→ **Required work**: Range to copy from the entries below: the line containing "最新上海外資企業(yè)黃頁" through the line containing "선생님 밥 드시는 중에", inclusive. Retype only those lines, exactly, without any images.

→ **Given records**:
Start of Block
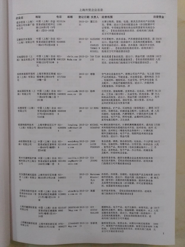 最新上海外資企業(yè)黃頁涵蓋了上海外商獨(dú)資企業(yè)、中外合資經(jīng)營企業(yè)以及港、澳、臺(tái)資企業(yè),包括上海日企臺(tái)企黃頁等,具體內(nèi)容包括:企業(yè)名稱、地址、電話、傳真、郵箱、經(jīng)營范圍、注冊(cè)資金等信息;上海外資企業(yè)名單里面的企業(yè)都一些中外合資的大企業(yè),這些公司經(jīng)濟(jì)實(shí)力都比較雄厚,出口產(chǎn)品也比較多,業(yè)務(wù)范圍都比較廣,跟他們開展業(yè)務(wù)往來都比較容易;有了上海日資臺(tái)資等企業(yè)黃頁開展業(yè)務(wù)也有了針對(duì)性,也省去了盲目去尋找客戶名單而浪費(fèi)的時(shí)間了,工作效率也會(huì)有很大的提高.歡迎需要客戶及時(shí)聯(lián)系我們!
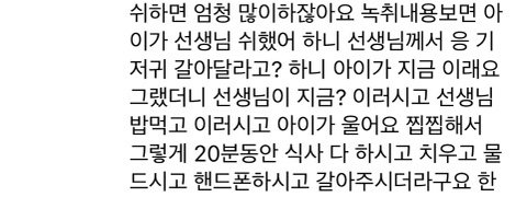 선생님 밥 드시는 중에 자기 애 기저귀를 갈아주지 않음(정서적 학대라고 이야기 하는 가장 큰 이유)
End of Block
Start of Block
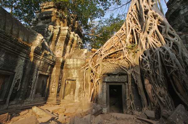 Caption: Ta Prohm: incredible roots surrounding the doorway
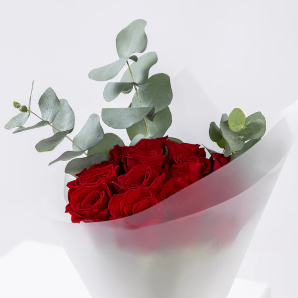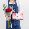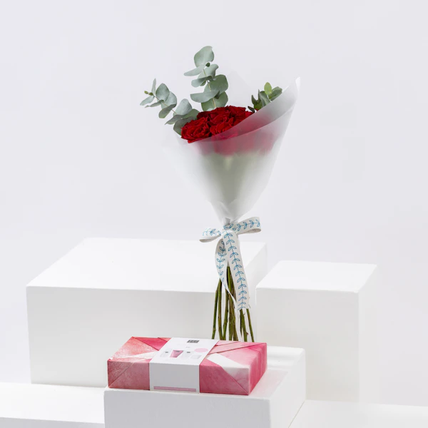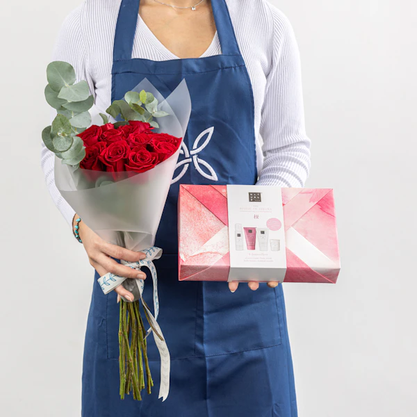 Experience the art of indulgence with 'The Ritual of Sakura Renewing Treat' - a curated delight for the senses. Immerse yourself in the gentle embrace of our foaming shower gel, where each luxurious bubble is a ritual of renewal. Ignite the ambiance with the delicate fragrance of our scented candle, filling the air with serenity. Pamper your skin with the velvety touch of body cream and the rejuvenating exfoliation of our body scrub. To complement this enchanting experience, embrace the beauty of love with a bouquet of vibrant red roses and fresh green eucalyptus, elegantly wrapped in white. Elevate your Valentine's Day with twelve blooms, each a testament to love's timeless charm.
End of Block
→ **Exercise result**:
 最新上海外資企業(yè)黃頁涵蓋了上海外商獨(dú)資企業(yè)、中外合資經(jīng)營企業(yè)以及港、澳、臺(tái)資企業(yè),包括上海日企臺(tái)企黃頁等,具體內(nèi)容包括:企業(yè)名稱、地址、電話、傳真、郵箱、經(jīng)營范圍、注冊(cè)資金等信息;上海外資企業(yè)名單里面的企業(yè)都一些中外合資的大企業(yè),這些公司經(jīng)濟(jì)實(shí)力都比較雄厚,出口產(chǎn)品也比較多,業(yè)務(wù)范圍都比較廣,跟他們開展業(yè)務(wù)往來都比較容易;有了上海日資臺(tái)資等企業(yè)黃頁開展業(yè)務(wù)也有了針對(duì)性,也省去了盲目去尋找客戶名單而浪費(fèi)的時(shí)間了,工作效率也會(huì)有很大的提高.歡迎需要客戶及時(shí)聯(lián)系我們!
 선생님 밥 드시는 중에 자기 애 기저귀를 갈아주지 않음(정서적 학대라고 이야기 하는 가장 큰 이유)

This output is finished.